Who knows what spec says about this? I looked into TS 103 420 nothing there.
Oh, found it in TS 102 366 (only media time part though)!
J.1.3.2 Priming and delay
The codec uses audio blocks of a fixed length of 256 samples, and a transform which applies over two audio blocks. To obtain the correct audio from a block, both blocks in the transform are needed, and hence both the prior encoded block and the current encoded block need to be decoded to output the first frame.

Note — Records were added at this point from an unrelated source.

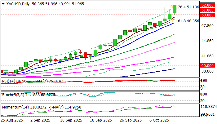 Violation of psychological $50 barrier, for the first time in decades, generated bullish signal, with price action receiving fresh boost from President Trump’s latest threats of imposing 100% tariffs on all goods imported from China.
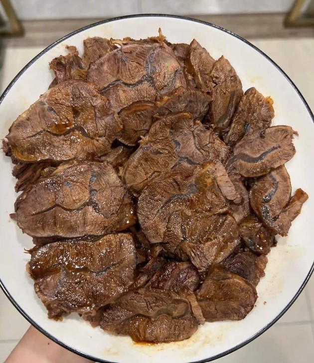 4 . Hũ thuỷ tinh ngâm bắp bò rửa thật sạch, tráng lại bằng nước nóng , để thật ráo nước. - Xếp bắp bò vào hũ thuỷ tinh, xen kẽ là một lớp tỏi gừng, ớt và tiêu xanh. Làm lần lượt đến hết và đổ ngập phần hỗn hợp nước tương vào. - Trời mùa đông thì để lọ bắp bò bên ngoài một ngày cho ngấm gia vị rồi hôm sau cất ngăn mát tủ lạnh. Mùa hè làm xong phải cất ngăn mát tủ lạnh luôn. - Sau 5 ngày mang ra ăn được, thái lát mỏng, rưới phần nước tương ngâm lên trên, trang trí thêm gừng tỏi ớt hạt tiêu và thưởng thức
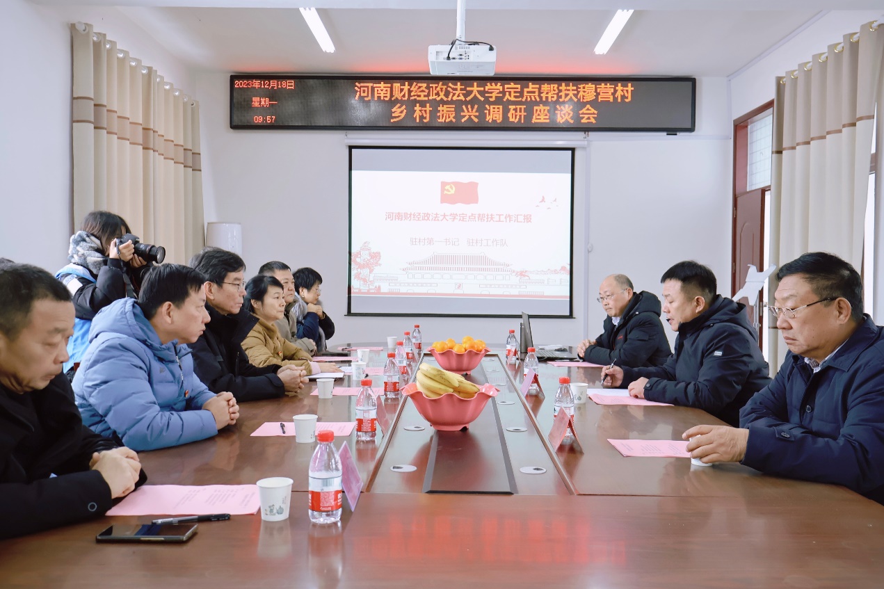 在穆营村党群服务中心,校地双方召开了座谈会。会上,滑县万古镇人大主席顾建国介绍了当地基本情况及经济社会发展取得的成绩,向学校接续选派驻村干部助力当地发展表示衷心感谢。学校驻村第一书记何晓光和穆营村党支部书记穆新省进行了工作汇报。

This is sometimes called "priming" and may be signaled using the 'roll' sample group. Thus, a full reconstruction of the first 256 audio samples is sometimes not possible since there is no previous access unit. If it is desired to achieve full reconstruction of these samples, it is possible to add silence to the beginning of the audio signal. In practice, an encoder might prepend an arbitrary amount of silent audio waveform samples to the signal. This portion of the audio signal is sometimes called "encoder delay" and varies depending on the implementation. This can be compensated using one of the following delay compensation approaches.
So roll is not written, wow!! (In sgpd.)